The Gaza Pier — you know, the one where the U.S. and allied countries unloaded food, so it could be stolen off trucks before reaching its intended destination — is no longer operational, and it will be out of operation for “at least over a week.” 

It turns out that the pier system was not intended to be used in waters with waves higher than three feet, and three-foot waves occur in that part of the Mediterranean Sea frequently. We know that Pentagon officials can read a weather and surf report. 

Now the question is, did someone in the administration tell them to go ahead with the operation, knowing the risks?

A lot of us figured that Hamas or the Palestinian Islamic Jihad would have targeted the U.S.-built Gaza pier by now. But the wind and the sea got there first; what few of us realized was that the Pentagon built the pier in a location where it would regularly operate at the maximum safe-wave height and wind, and any bout of bad weather could break the structure apart.

Deputy Pentagon press secretary Sabrina Singh had the unfortunate duty of announcing that the Biden administration’s much-touted construction effort to help the Palestinians had broken in several parts and was going to be towed back to Israel for repairs:

On Saturday, May 25th, four U.S. Army vessels supporting the maritime humanitarian aid mission in Gaza were affected by heavy sea states, causing these motorized pier sections, which are used to stabilize the Trident Pier, to break free from their anchors due to a loss in power and subsequently beach ashore.
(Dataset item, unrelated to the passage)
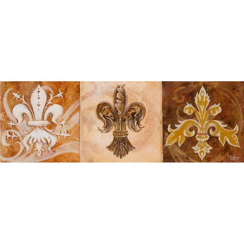 Fleur de Lis Trio Gold Ornate Wood Framed Art Print with Double Matting by Riker, Thomas

As of today, one of the Army vessels that was beached on the coast of Israel near Ashkelon has been recovered. The second vessel that was also beached near Ashkelon will be recovered in the next 24 hours, and the remaining two vessels that were beached near the Trident Pier are expected to be recovered in the next 48 hours. Efforts to recover the vessels are underway with the assistance from the Israeli Navy.

In addition, due to high sea states and the North African weather system, earlier today, a portion of the Trident Pier separated from the pier that is currently anchored into the coast of Gaza. As a result, the Trident Pier was damaged and sections of the pier need rebuilding and repairing.

Therefore, over the next 48 hours, the Trident Pier will be removed from its anchored position on the coast and towed back to Ashdod, where U.S. Central Command will conduct repairs. The rebuilding and repairing of the pier will take at least over a week and will — and following completion, will need to be re-anchored to the coast of Gaza. . . .

Think of that Trident pier as having, like, a large T, that top part of the T disconnected. So that has been recovered, but in order to reassemble everything, it’s going to — yep, it’s going to detach from the coastline, move up to Ashdod, be reassembled and then reattached — re-anchored back. . . .

I think unfortunately, we had a perfect storm of high seas states, and then, as I mentioned, this North African weather system also came in at the same time, creating not an optimal environment to operate this JLOTS — this temporary pier.

Look, I can’t predict the weather, but we believe that given the time of year, we will be able to re-anchor this pier and it will be able to be operational, and hopefully, weather conditions won’t hinder it anymore. But we always make assessments based on, you know, environmental factors, and if we need to, you know, adjust, we will. But we hope that it’ll be fully operational with just a little over a week.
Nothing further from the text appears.